Pregnancy in Complement-Mediated Thrombotic Microangiopathy: Maternal and Neonatal Outcomes

Natalja Haninger-Vacariu; Andreas Gleiss; Martina Gaggl; Christof Aigner; Renate Kain; Zoltán Prohászka; Ágnes Szilágyi; Dorottya Csuka; Georg A Böhmig; Raute Sunder-Plassmann; Gere Sunder-Plassmann; Alice Schmidt

doi:10.1016/j.xkme.2023.100669

Pregnancy in Complement-Mediated Thrombotic Microangiopathy: Maternal and Neonatal Outcomes

Kidney Med. 2023 May 16;5(7):100669. doi: 10.1016/j.xkme.2023.100669. eCollection 2023 Jul.

Affiliations

¹ Division of Nephrology and Dialysis, Department of Medicine III, Medical University of Vienna, Vienna, Austria.
² Center for Medical Science, Institute of Clinical Biometrics, Medical University of Vienna, Vienna, Austria.
³ Department of Pathology, Medical University of Vienna, Vienna, Austria.
⁴ Research Laboratory, Department of Internal Medicine and Hematology, and MTA-SE Research Group of Immunology and Hematology, Hungarian Academy of Sciences and Semmelweis University, Budapest, Hungary.
⁵ Genetics Laboratory, Department of Laboratory Medicine, Medical University of Vienna, Vienna, Austria.

Abstract

Rationale & objective: Pregnancy, delivery, and neonatal outcomes in women with complement-mediated thrombotic microangiopathy (cTMA) have not been well described. A better understanding of these outcomes is necessary to provide women with competent pregnancy counseling.

Study design: Cohort study.

Setting and participants: Women with a history of cTMA and pregnancies enrolled into the Vienna thrombotic microangiopathy cohort.
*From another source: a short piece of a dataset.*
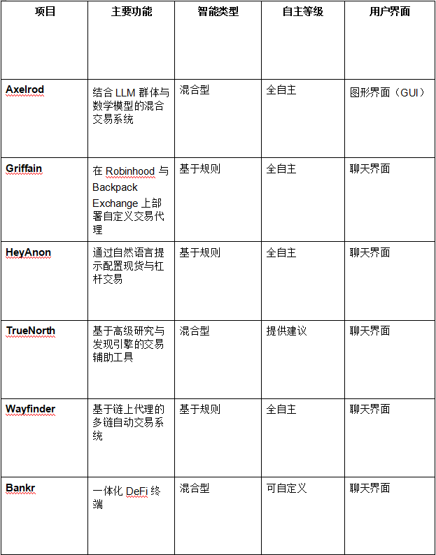 交易类代理是大众最常联想到的代理式金融产品。这类代理通过自动调仓或选择买卖资产来管理用户资金。要实现自动交易,代理系统通常需具备交易权限、资产访问、预算管理、预设策略与高质量数据等组件。以下为当前支持一项或多项功能的项目列表:

Exposure: New onset or relapses of cTMA.

Outcomes: Pregnancy, delivery, and neonatal outcomes of pregnancies in women (a) before cTMA manifestation, (b) complicated by pregnancy-associated cTMA (P-cTMA), and (c) after first manifestation of cTMA or P-cTMA.
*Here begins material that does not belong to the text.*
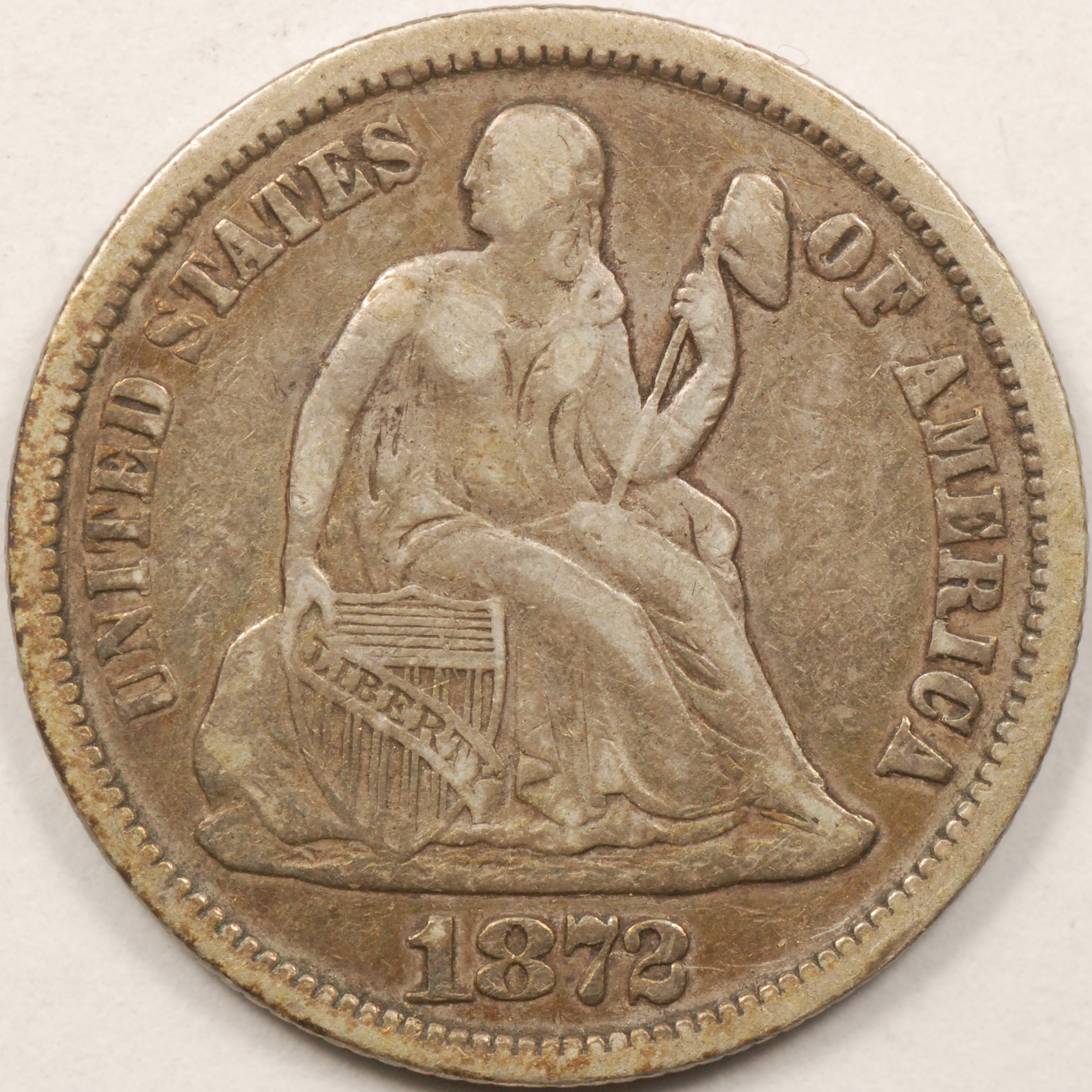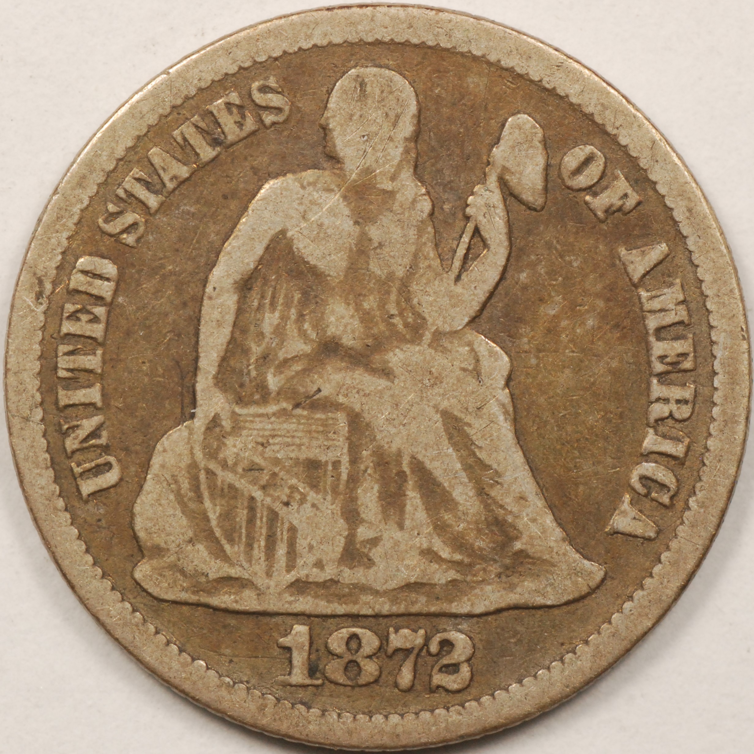 | 91648 R | 1872 | Seated Liberty Dime | Very Good | $18.00 | |||

Analytical approach: Mixed models were used to adjust the comparison of pregnancy, delivery, and neonatal outcomes between conditions (before, with, and after cTMA) for repeated pregnancies using the mother's ID as random factor. In addition, the fixed factors, mother's age and neonate's sex, were used for adjustment. For (sex-adjusted and age-adjusted) centile outcomes, only the mother's age was used. Adjusted odds ratios were derived from a generalized linear mixed model with live birth as the outcome. Least squares means and pairwise differences between them were derived from the linear mixed models for the remaining outcomes.

Results: 28 women reported 74 pregnancies. Despite higher rates of fetal loss before the diagnosis of P-cTMA and preterm births with P-cTMA, most of the women were able to conceive successfully. Neonatal development in all 3 conditions of pregnancies was excellent. Pregnancy and neonatal outcomes were better in women with a pregnancy after the diagnosis of cTMA.

Limitations: Although our data set comprises a considerable number of 74 pregnancies, the effective sample size is lower because only 28 mothers with multiple pregnancies were observed. The statistical power for detecting clinically relevant effects was probably low. A recall bias for miscarriages cannot be ruled out.

Conclusions: Prepregnancy counseling of women with a history of cTMA can be supportive of their desire to become pregnant.

Keywords: Thrombotic microangiopathy; aHUS; abortion; cTMA; complement system; delivery; live birth; miscarriage; neonatal outcomes; pregnancy; pregnancy counseling.